Conceptualizing this incompleteness in terms of “Gaps” is simply meant to formalize this problem. Gaps correspond to acknowledged forms of luck impacting human cognition and potentially blocking epistemizing justification. Bridges are attempts to respond by way of philosophical reconstructions to the threat posed by Gaps, and to lay out conditions under which justification is indeed “epistemizing”—that is, sufficient to turn true belief into knowledge. To clarify this, we must first try to formalize our conception of the Gaps themselves. Internalist theories, we’ve shown, leave us with a gap between(1)truth and (2) justified belief. We can simply call this 1—2 gap the Veritic Gap to correlate with the form of luck to which internalists must acquiesce. Externalist theories, on the other hand, do provide a conceptual linkage between justified belief and truth, that is to say, a conception of a necessary connection between knowledge and its object. But for them a gap re-opens between belief (or more strictly, propositional acceptance) and (3) good reasons or adequate evidence. This is a token of a discontinuity between the reliabilist's strong conceptual claims and their lack of a supporting theory of evidence.[32] Borrowing a Greek term to balance against the Latin veritas, we can call this 2—3 gap the Zetetic Gap. This comes from zetesis, referring to the quality of an investigator’s effort, or of her method of investigation, and was used by the Greeks in the context of a common inquiry into an unknown truth. Again this is intended to map correlate with the sense of evidential luck discussed above.

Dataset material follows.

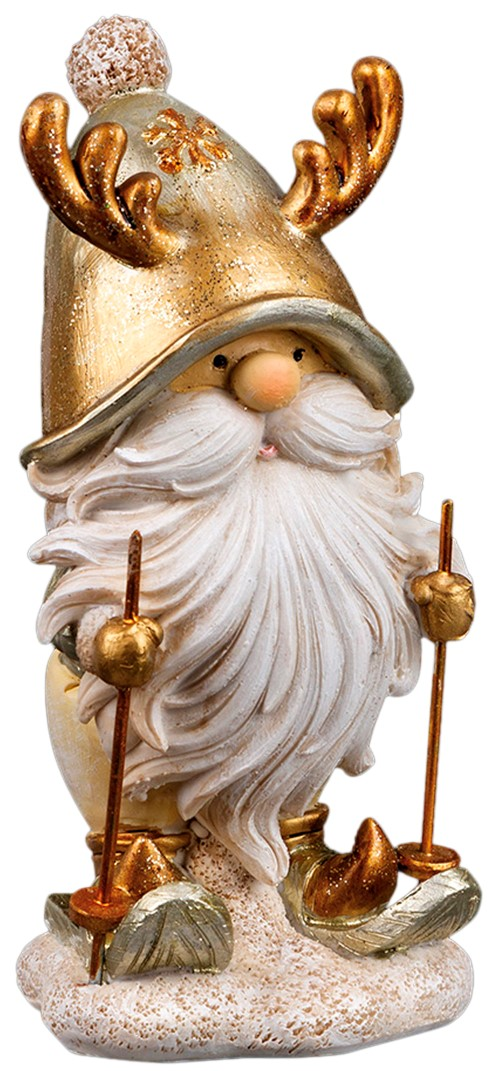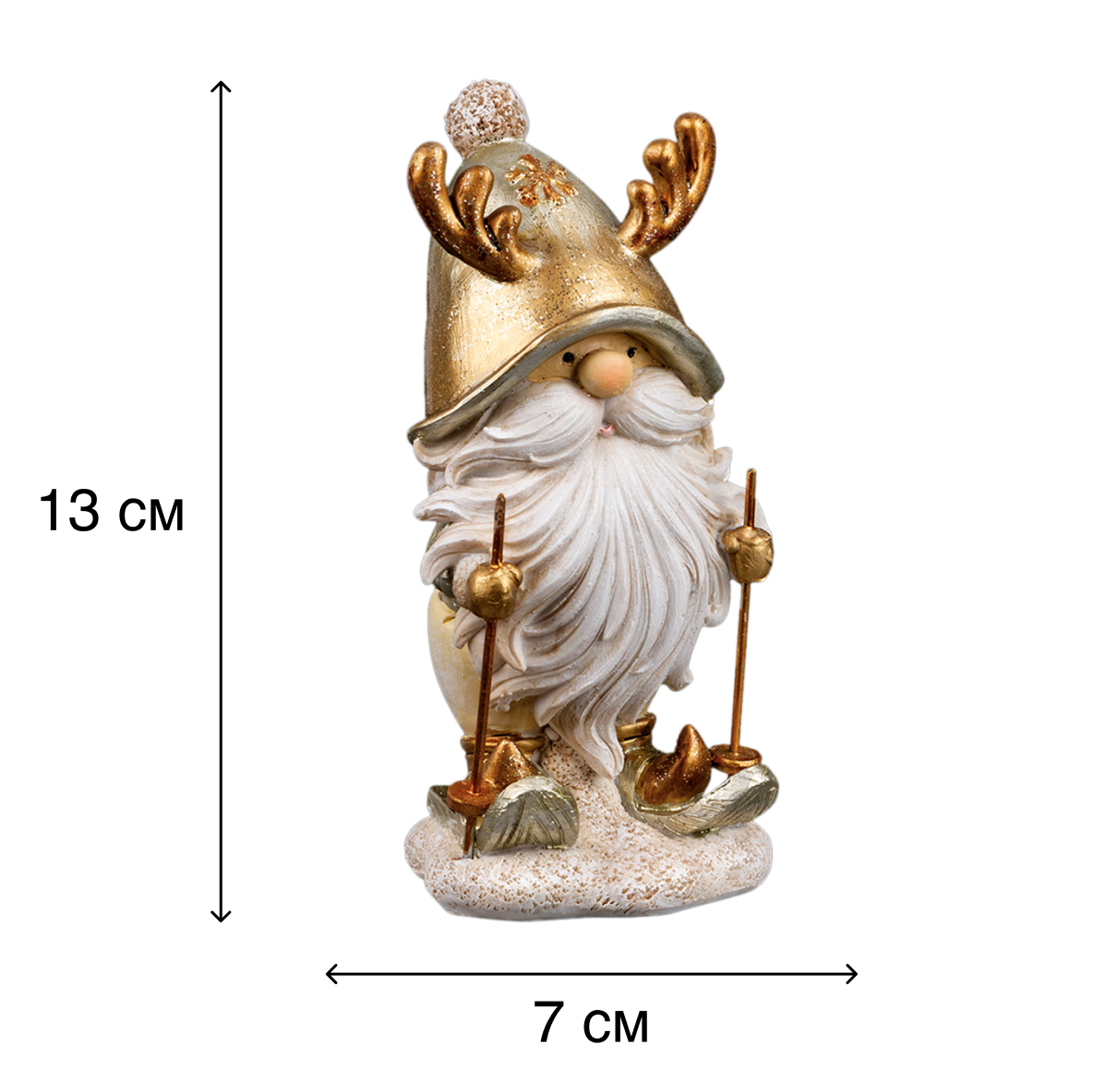 Забавный гном на лыжах выполнен в золотом цвете. Оригинальная шапка с рогами, как у викинга, привлекает внимание. Милый сувенир отлично впишется в любой интерьер и поможет создать атмосферу волшебства и уюта. Групповая упаковка предназначена только для безопасной транспортировки и хранения.
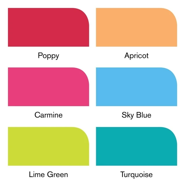 - Couleurs Tons moyensTurquoise C247, Vert lime G178, Bleu ciel B137, Carmin R156, Abricot O538, Pavot R565

This characterization of Gaps follows the analysis of our previous section. But we should add at least one more, that between (3) reasons and (4) (proper) motivation. We can call this 3—4 gap the Enkratic Gap, for the Greek term for continence. Do reasons have to motivate? For instance, if I accept that I have reason to doubt/believe some proposition, must I be motivated to some degree to doubt/believe that proposition? What Christopher Hookway calls (motivational) internalism answers yes; it holds the normative impact of reasons on an agent to be inseparable from motivation, at least in rational agents. For the internalist, epistemic rationality requires us to be properly motivated: we should no even say that evidence provides a person with “reasons,” unless it is integrated in an appropriate way with their motivational tendencies, and “it seems that the existence of a gap between my normative judgments and my motivations signals a kind of irrationality.”[33]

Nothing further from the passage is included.